The last few months have seen the price of gold rally to $1,600 — a height it has not reached since March 2013. However, the last few weeks have seen the price start to stagnate. Between January 20 and February 4, the price did not manage to cross the $1,600 barrier, bouncing off at around $1,590. As of February 5, it had hit a two-week low of $1,547.

The price of gold on the stock market is dependent on demand: a larger number of buyers drives the price up. Gold is generally seen as a “safe” investment, and demand goes up during times of political, security, and social turmoil. It is worth noting that the situation in the US plays a very important role in the price action of gold because the country is the base of the world’s largest stock exchanges and companies with the highest capitalization.

These are good indicators that the rally has run out of steam. The price of gold fluctuated sharply in January, following the escalation of hostilities between the US and Iran, the impeachment proceedings in the US, and the uncertainty surrounding the corona virus. However, these issues are now far less contentious. The US and Iran have ceased trading attacks; the impeachment proceedings have concluded; and there is now more information on the virus, and several promising treatment protocols have been established.

The US stock market has also hit multiple highs in 2020 alone, and is expected to grow further, following the conclusion of trade deals with China, and with Canada and Mexico.  The Federal Reserve has announced that they no longer intend to cut interest rates further, and that they estimate inflation rates to be at record lows.

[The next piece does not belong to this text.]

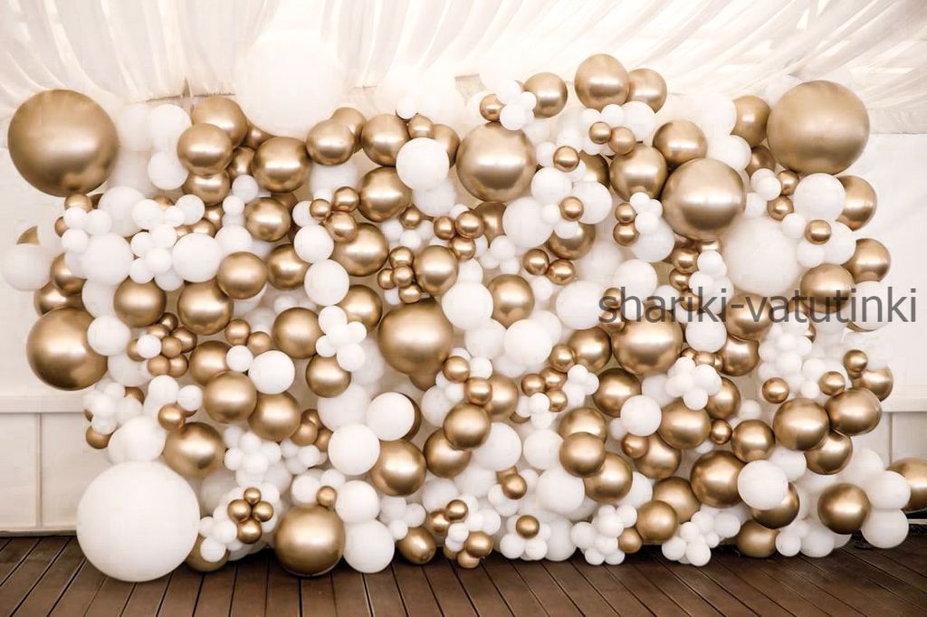 Фотозона из шаров золото с белым

The psychology of the market also indicates greater trust in the US business environment: the University of Michigan revised its consumer sentiment index up to 99.8 for January 2020, easily beating a forecast of 88.3. These mean that investing in other assets has started to look more compelling than the “safety” of gold.

Lastly, cultural factors play a role in the waning of demand for gold. With the completion of the South Asian wedding season and of the Chinese New Year festivities, the purchasing of gold for jewelry and other personal use is expected to slow down in the next few months.

A technical analysis of the price action of gold confirms this tendency for it to turn bearish. From December 26 to January 15, the price ranged from $1,495 to $1,558. It opened at $1,497 on December 26 and closed at $1,556 on January 15. That represents a range of +$63 from the lowest point to the highest point, or +$59 from market open to market close over the course of the 14 trading days.

Meanwhile, from January 16 to February 4 (14 trading days), gold ranged from $1,546 to $1,593 (+$47), but opened at $1,556 and closed at $1,552 (-$4) on February 4. This points to an end to the trend of constant day-on-day and week-on-week growth in price.